## WHAT THIS TASK INVOLVES
Only one stretch of the data should be retyped: the lines from the line containing "A nappaliból kilépve" through the line containing "Notably, all this". Keep pictures out of it.

Records from a collection
——————————

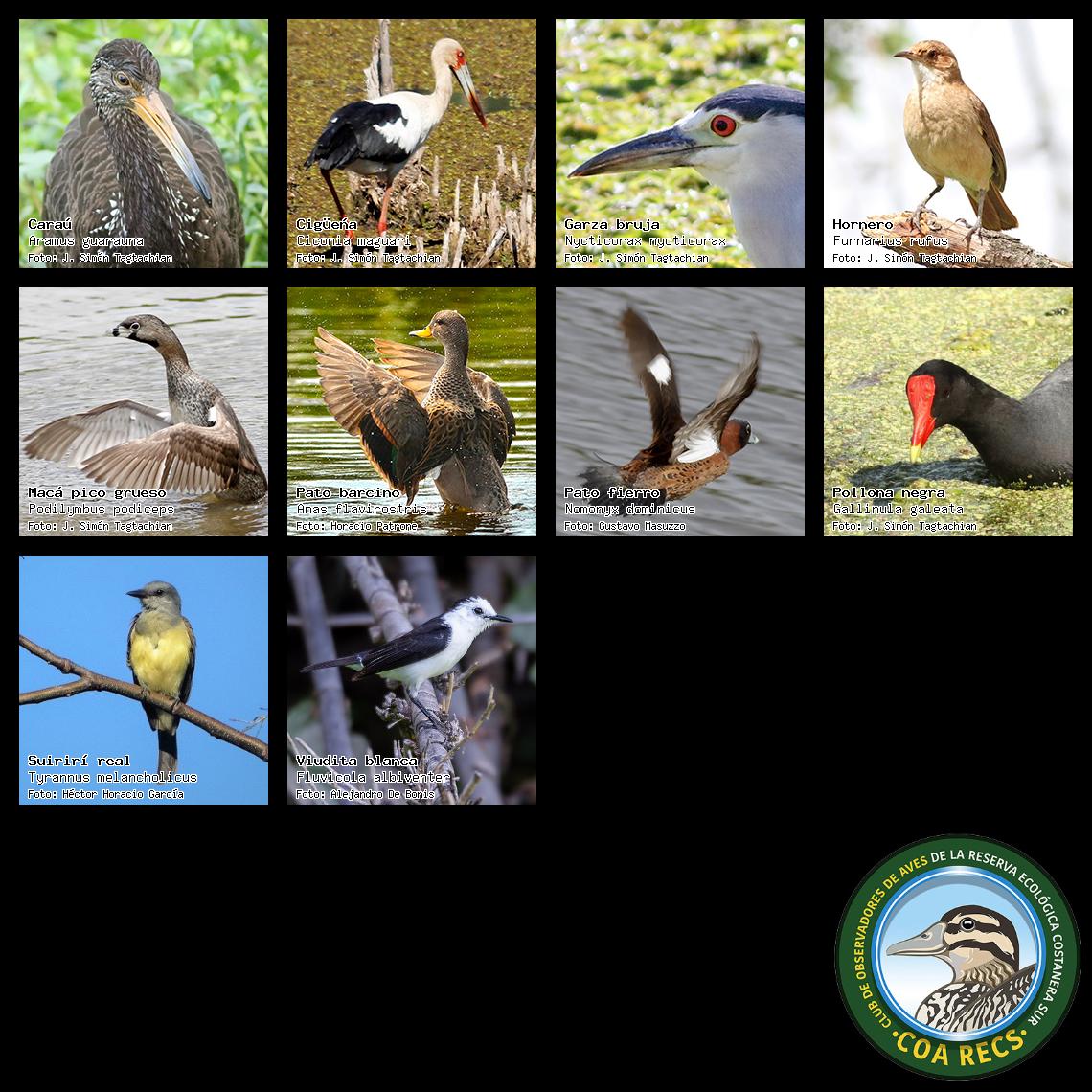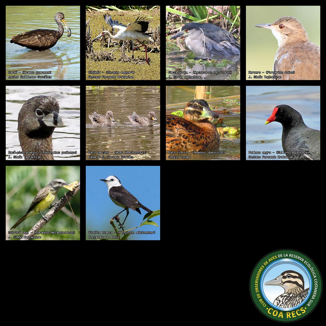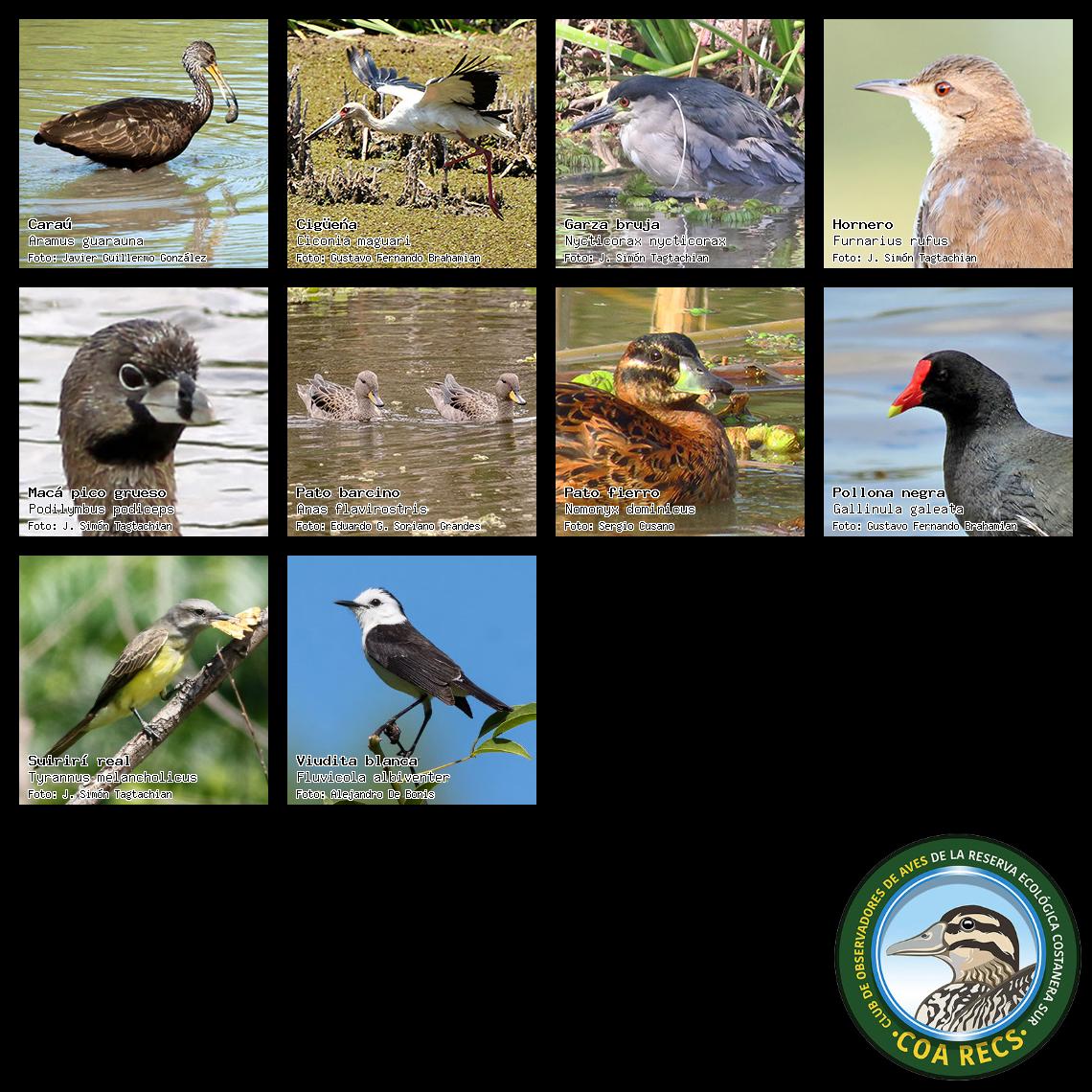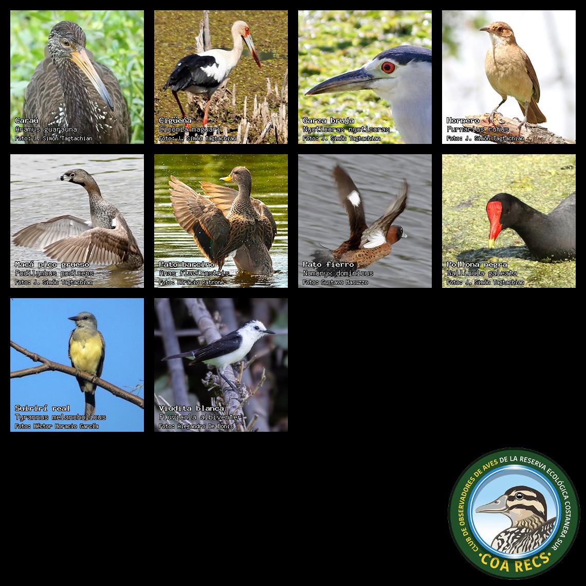 (Gavilán mixto, Carancho, Chimango, Benteveo común, Hornero, Carpintero real y Estornino pinto)
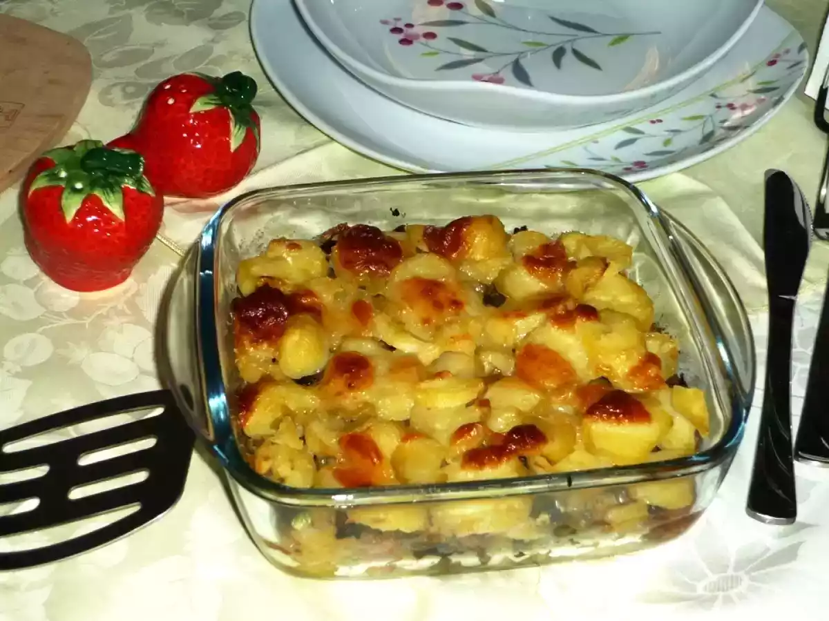 Patate al forno ricche Portata principalemedia35 min629 Kcal Invia questa ricetta ad un amico Stampa la ricetta Contatta l'autore della Ricetta Pubblica la foto di questa ricetta Ingredienti 4 1kg di patate; 3 zucchine media grandezza; 300 grammi di funghi champignons; una cipolla; 100 grammi di pancetta affumicata tagliata a cubetti; 100 grammi di provola; 50 grammi di parmigiano grattugiato; 4 cucchiai di olio d'oliva. Costo stimato: 8.96Euros€ (2.24€/Porzioni)
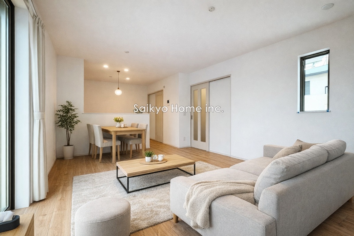 陽光ふりそそぐ明るいリビング。対面式キッチンは、家事をしながら家族の様子が一目でわかる安心&便利設備!※家具等はCG加工しております。■小金井市貫井南町1 新築一戸建て■
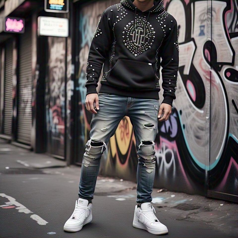 Sweat à capuche personnalisé pour homme lavé à l'acide de grande taille, épaule tombante, poids lourd 100% coton strass, poches cloutées personnalisables
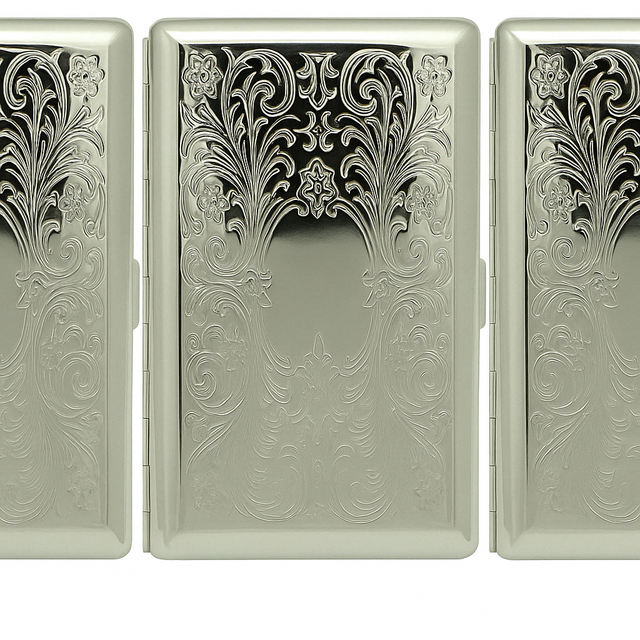 3 Pieces Silver Victorian Scroll (Half Pack 120s) Metal-Plated Cigarette Case & Stash Box with Mirror
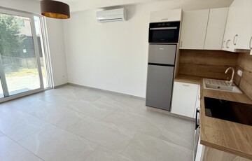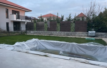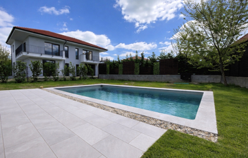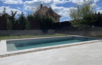 A nappaliból kilépve vár a 20 m2-es terasz, amely közvetlen kapcsolatot biztosít a kerttel és a 24 m2-es, fűthető medencével – tökéletes helyszín a pihenéshez, egész szezonban.
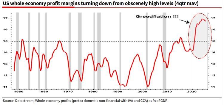 Notably, all this is occurring at a time when the entire economy’s profit margins have peaked and may potentially be turning lower.
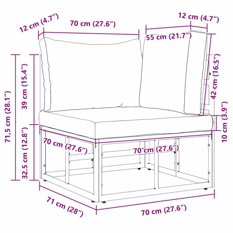 Този модерен комплект градински мебели предлага изчистен и опростен дизайн, който безпроблемно се интегрира във всяко открито пространство. Създаден за тези с чувствителност към съвременния стил, всяка част притежава чисти линии и минималистичен вид. Мебелите могат да повишат нивото на вашата градина, тераса или балкон, създавайки приветлива обстановка за събирания или спокойни уединения. Устойчиви на времето рамки Изработени от алуминий, тези мебели са перфектни за издръжливост на елементите. Алуминиевата конструкция осигурява комплектът да остане лек, но здрав, предлагащ дълготрайна употреба на открито, без компромиси в устойчивостта. Прахово боядисано покритие Прахово боядисаната повърхност осигурява допълнителен слой защита, удължавайки живота на вашите мебели. Този защитен слой предпазва от износване и запазва гладкия и полиран вид с времето. Модерен дизайн Комплектът разполага с ясно изразен модерен естетически вид, който допълва различни открити декори. С простия, но функционален дизайн, е идеален за създаване на модерен оазис в градината или на терасата, предлагайки стил и комфорт. Изключителен комфорт Проектиран с мисъл за потребителския комфорт, този комплект предоставя приветливо пространство за релаксация или забавления. Неговият просторно разположение предлага достатъчно места за сядане и гъвкавост за открито, което го прави перфектно допълнение за всяко открито пространство. Лесно поддържане За да осигурите дълготрайността на вашите градински мебели, просто ги покривайте, когато не са в употреба. Тази лесна стъпка помага да запазите изключителното им състояние, добавяйки удобство към вашето открито пространство. Минималната поддръжка осигурява мебелите да останат толкова привлекателни, колкото деня, в който бяха закупени.
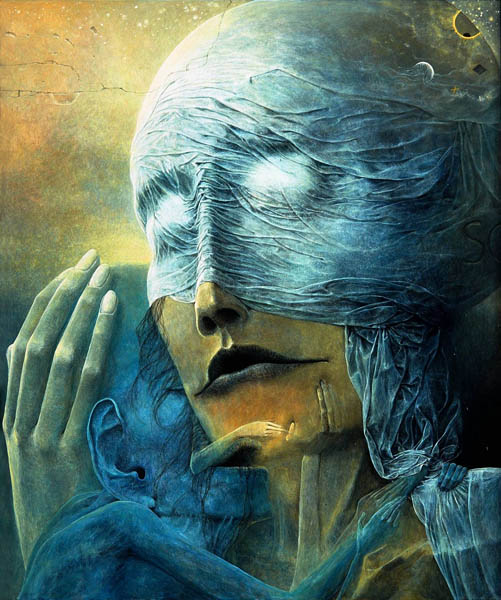 Zdzisław Beksiński (24 February 1929 – 21 February 2005) was a renowned Polish painter, photographer, and sculptor who is best known as a fantasy artist. Beksiński executed his paintings and drawings either in what he called a ‘Baroque’ or a ‘Gothic’ manner. The first style is dominated by representation, with the best-known examples coming from his ‘fantastic realism’ period when he painted disturbing images of a surrealistic, nightmarish environment. The second style is more abstract, being dominated by form, and is typified by Beksiński’s later paintings. Beksiński was murdered in 2005.

——————————

## EXPECTED OUTPUT
 A nappaliból kilépve vár a 20 m2-es terasz, amely közvetlen kapcsolatot biztosít a kerttel és a 24 m2-es, fűthető medencével – tökéletes helyszín a pihenéshez, egész szezonban.
 Notably, all this is occurring at a time when the entire economy’s profit margins have peaked and may potentially be turning lower.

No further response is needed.